Author-historian William Dalrymple demonstrates his culinary skills at New Delhi, shares experience

He whipped up a skillet of juicy tiger prawns in a jiffy, alongside a very season-appropriate and refreshing onion-mango salad with a dressing of lime and coriander
William Dalrymple cooking tiger prawns
William Dalrymple cooking tiger prawns

William Dalrymple’s social media is expectedly about the things he loves––books, history, arts and artefacts. Put the online feed of this author-historian under a magnifying glass, and you will find a soft spot, also for the culinary arts.

Once in every few months, a tweet from Dalrymple will pop up, talking about a restaurant he discovered, a recipe he relished, or simply articles about good, satisfying food. During the lockdown days, for instance, he wrote about how he enjoyed a meal from Delhi’s Mahabelly––“Yesterday’s banana-leaf wrapped prawn olathiyathu with coconut chutney & appam was purest spicy heaven.”

But the author-historian is more than just a food connoisseur. Dalrymple, is also an exemplary cook, definitely more than he cares to admit. He demonstrated his culinary skills at a recent cookout at a hotel in Delhi, where he whipped up a skillet of juicy tiger prawns in a jiffy, alongside a very season-appropriate and refreshing onion-mango salad with a dressing of lime and coriander.  

Cooking is merely an extension of his creative personality, he feels. “There are many different forms of creativity, and writing only uses one side of your brain and it is nice to dabble, in an amateur way, in other forms of creativity.

So I love my photography, and cooking. I wouldn’t, in any way, claim to be a great or a talented cook, or particularly a regular cook. But I love it,” says the author of City of Djinns. 

Much like his writing, Dalrymple’s cooking too is rooted in memory—the fondest ones being those of his childhood in Scotland that was spent gorging on delectables prepared by his mother.

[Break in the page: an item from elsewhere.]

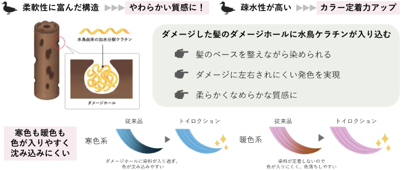 水鳥ケラチンで毛髪内部を整えながら染めることで、 ダメージ部への沈み込みを抑え、ニュアンスカラーやブラウン表現を より均一で美しく仕上げます。

“My mom was a won- derful cook and at a time when Scotland was not known for its cooking. So I always grew up with spectacular food,” he says. The tiger prawns too have a story of their own.Dalrymple discovered the recipe in a book by his favourite cookery writer Claudia Roden. “She brought middle- eastern cooking to London in the 1970s, when no one else was cooking this food in London,” he says, adding, “I love middle-eastern cooking because of its fresh ingredients, simple, clear, light food.”

Roden’s tiger prawns have been the author’s go-to recipe whenever he has had to rustle up something for a large number of people, with not enough time at his disposal. “This is my standard last-minute dish to cook when friends are coming over for dinner, and I haven’t thought of anything else. This is something to be cooked in five minutes flat, and it tastes completely delicious,” he says.

Middle-eastern cooking is also the author’s preferred choice of cuisine, especially when he is in India. “It is kind of like an antidote to the heaviness of Indian cooking. I think it is much more suited for the hot weather. Bizarrely, Indian food like the Mughlai cuisine is completely inappropriate for the hot climate. It’s delicious, it’s fantastic with all that carbohydrate, oil and ghee… So the middle-eastern food and its lightness is a good antidote to too much rajma and Mughlai,” he says.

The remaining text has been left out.